The surge in international visitor arrivals, especially from China and Australia, has boosted the economy – with annual tourism revenue up from $28 billion in 2014 to $34.7 billion last year. It has also led to high occupancy rates and an increase in room rates: the average rate paid per night for an Auckland hotel room by international holiday-makers in December 2016 was $206, up from $176 in December 2015.
Chris Roberts, Tourism Industry Aotearoa chief executive, says New Zealand is well on its way to growing annual tourism revenue to $41 billion by 2025, but believes improved infrastructure is the key to further success.
“Our challenge now is to encourage international visitors to disperse to all parts of the country, and to come to New Zealand in autumn, spring and winter,” Mr Roberts says. “However, we do need to invest for success. We need well-targeted investment in infrastructure so we can sustainably manage future growth.”
The tourism industry as a whole has identified the shortfall in visitor accommodation as its number one infrastructure challenge. The shortage is particularly evident in Auckland and Queenstown, although accommodation providers in Rotorua, Wellington and Christchurch have also reported reaching capacity during peak seasons.
Faruk Balli, Associate Professor in Economics and Finance at Massey University, says the Government can do more to encourage hotel development such as offering tax breaks to developers or offering incentives for them to build in less high-profile areas of natural beauty, particularly in the South Island. “Hotels can create their own demand - if you build it, the tourists will come,” he says. He argues that even though New Zealand is highly competitive in the global tourism market, “its infrastructure lags behind keys competitors, and this is becoming an increasing problem. Infrastructure is key to growing return visits. Hotels are important part of that, but tourism infrastructure also includes road and rail networks, airport facilities and retail.”
Mr Roberts agrees: “Government, both at a local and national level, needs to be far more imaginative in its response. People in other countries are intervening in the market to attract hotel developers and New Zealand risks being left behind.”

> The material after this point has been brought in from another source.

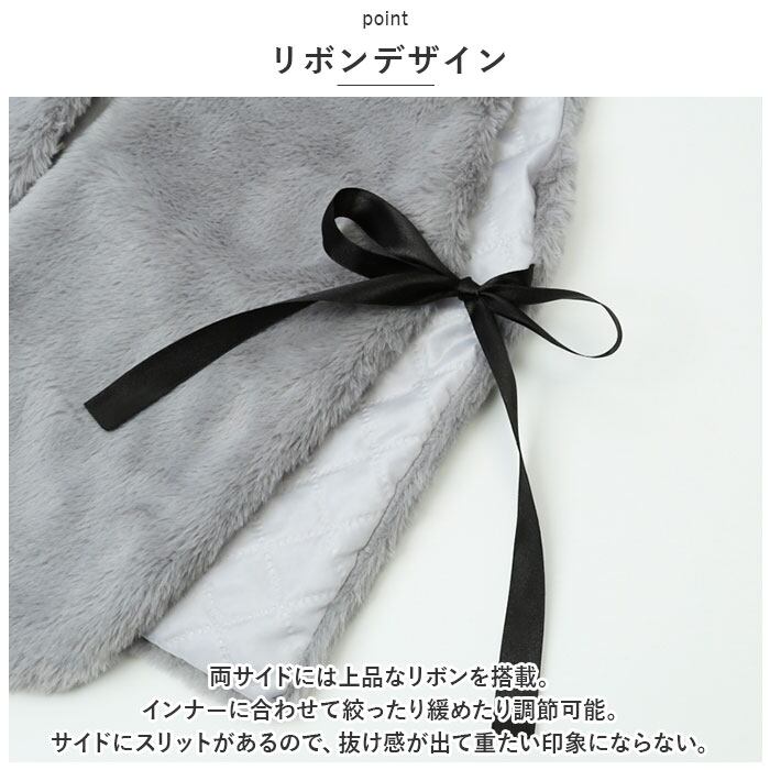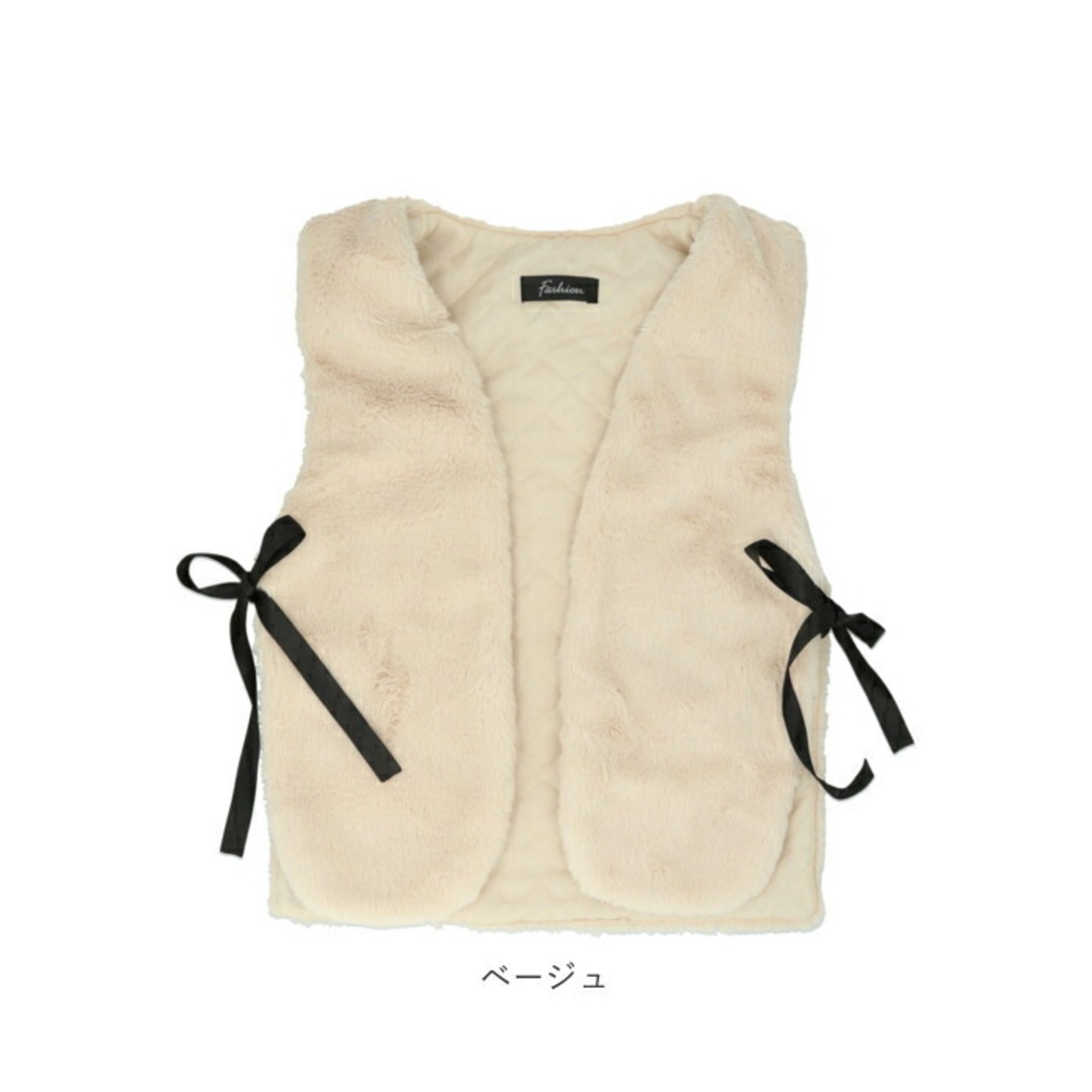 ファーベスト ショート 通販 ベスト ジレ アウター レディース 秋冬 ボアベスト ふわふわ もこもこ おしゃれ サイドリボン ノーカラー ノースリーブ 羽織り 軽い 大人 かわいい フェイク ファー 柔らか きれいめ シンプル ボリューム 秋 冬 ゆったり

He says that regions outside the big five tourist centres of Auckland, Wellington, Christchurch, Queenstown and Rotorua face a Catch-22 situation when it comes to hotel development. “They can't attract more tourists because they don't have the hotels. And the hotels won't come because they don't have the tourists numbers. It comes down to a leap of faith for the developer,” he says.

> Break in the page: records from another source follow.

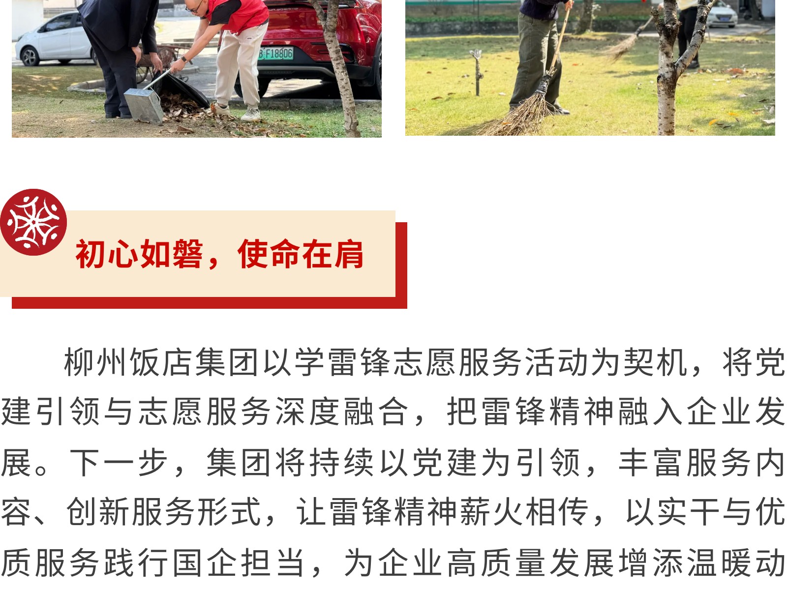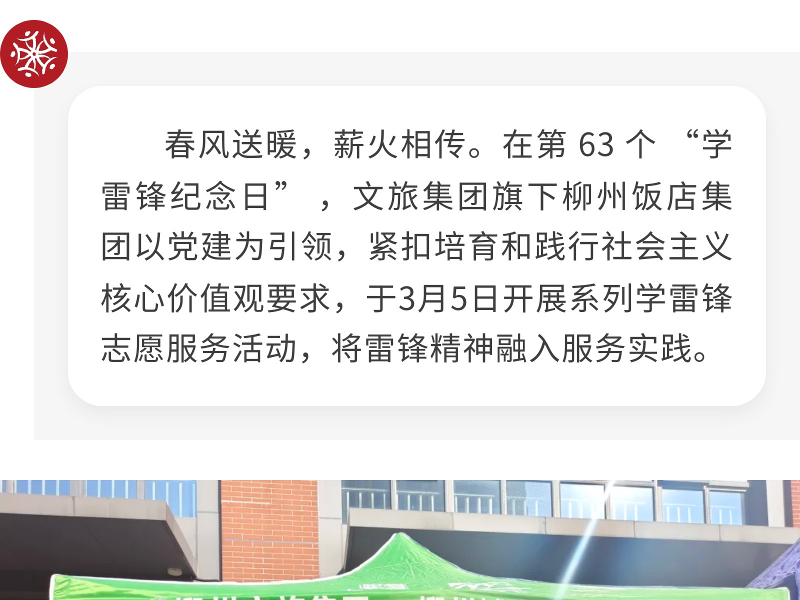 黨建引領(lǐng)聚初心 雷鋒精神綻芳華——柳州飯店集團(tuán)開(kāi)展學(xué)雷鋒志愿服務(wù)活動(dòng) 發(fā)布時(shí)間:2026年03月10日 09時(shí)來(lái)源:本站原創(chuàng)瀏覽:15 人次
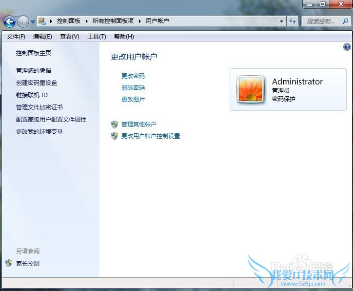 五、创建后将看到“更改用户帐户”项内容已经变为“更改密码”和“删除密码”了。这说明 你的密码已经设置成功。
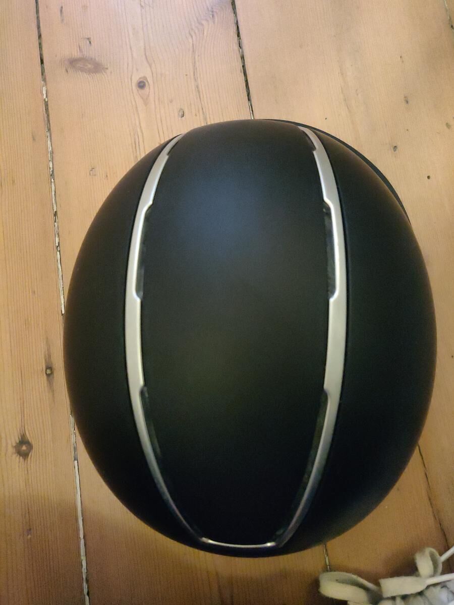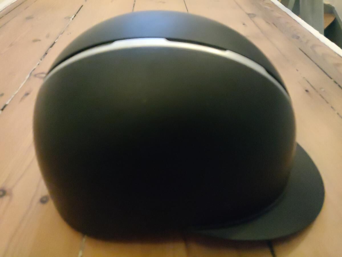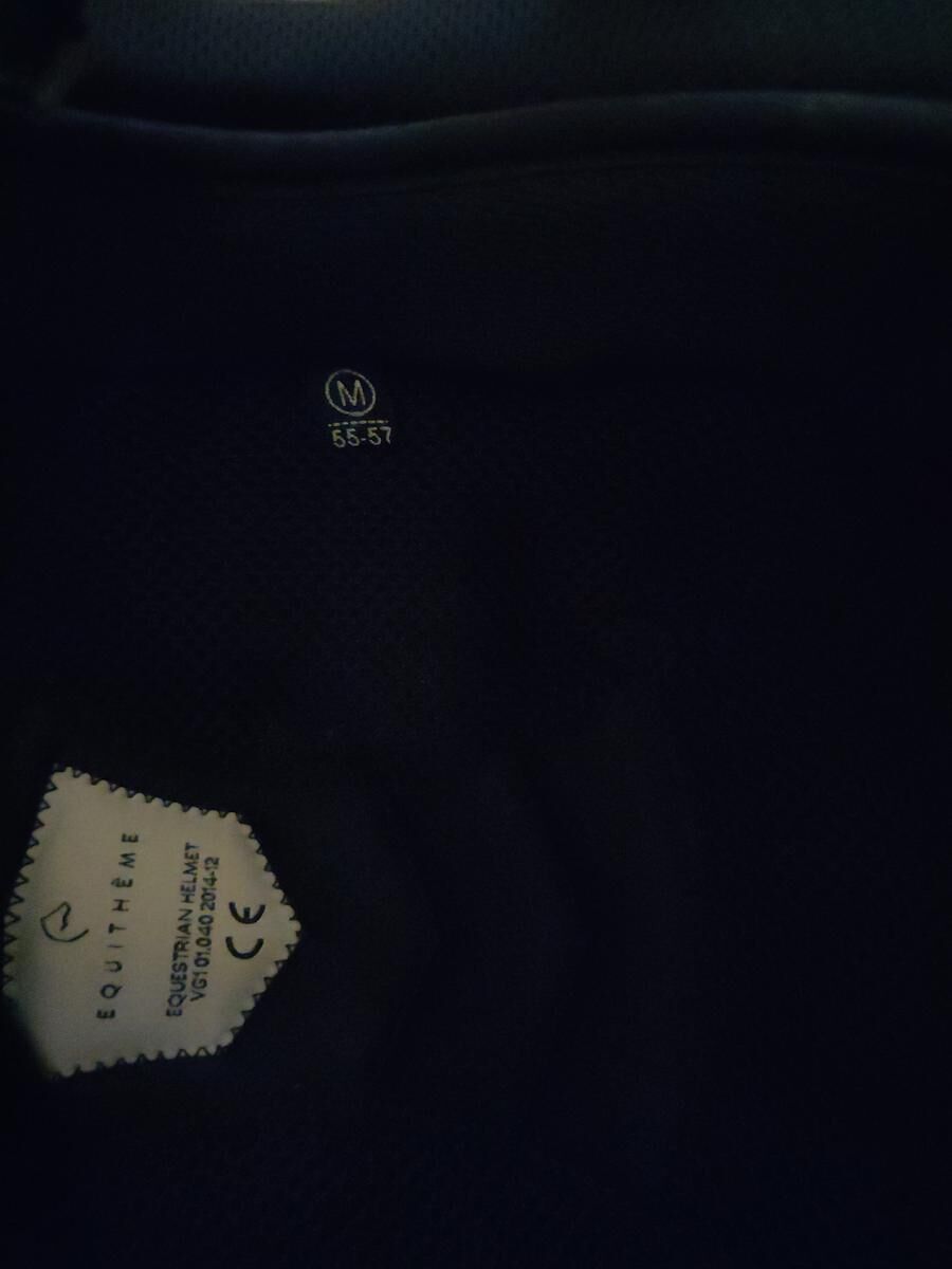Bombe Equitheme en très bon état, en taille M, donc pour un tour de tête entre 55cm et 57cm. Elle est vendue avec sa house de protection.

New Zealand Trade and Enterprise's Project Palace programme has been set up to attract overseas and domestic investment in hotels. NZTE, Tourism New Zealand and the Ministry of Business, Innovation and Employment are working with local government and the private sector to identify sites for more hotels in Auckland, Rotorua, Wellington, Christchurch and Queenstown.
A recent report by the MBIE on tourism infrastructure noted that the quantity and quality of tourism-related infrastructure was key to sustaining record growth. “While New Zealand’s natural environment provides the setting for a range of visitor experiences, quality infrastructure is needed to support the range of activities that visitors enjoy,” the report states.

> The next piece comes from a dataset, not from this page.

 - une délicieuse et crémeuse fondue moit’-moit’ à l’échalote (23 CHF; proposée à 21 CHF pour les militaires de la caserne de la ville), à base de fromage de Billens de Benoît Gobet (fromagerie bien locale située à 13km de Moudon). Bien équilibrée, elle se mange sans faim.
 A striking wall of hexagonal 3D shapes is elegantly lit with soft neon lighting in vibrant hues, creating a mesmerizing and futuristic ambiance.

Globally, investors are looking to "build beds" in markets where there is under-supply of accommodation, and have poured money into hotel developments in China and Australia in recent years. Because it is seen to offer stronger returns on investment, New Zealand could be the next country targeted (the fact that 26 major hotels have changed hands in the last two years, many to offshore buyers, suggests there's heightened interest in New Zealand's accommodation sector).
Hyatt and Ritz-Carlton have plans to enter the market while the Sheraton brand has announced it is returning to Auckland after a spell of absence, with a new 21-level, 255-room hotel - the new Four Points – which is to be converted from an existing office block at 396 Queen Street.
Established players are also refurbishing old stock to defend their market share. The recent rebirth of Wellington’s Museum Art Hotel as QT Museum Wellington and the makeovers at the Mercure and Hotel Windsor in Auckland show the benefits of upgrades.
Even though demand for hotel accommodation has grown significantly, hotel development has been more muted. Several factors could explain this delayed response:
• Hotel construction often requires well-located land in urban central business districts;
• Competition for prime locations can be high;
• There is a large amount of activity in the overall construction sector, which is driving up the cost of labour and building materials; and
• Building and resource consent processes can delay construction projects.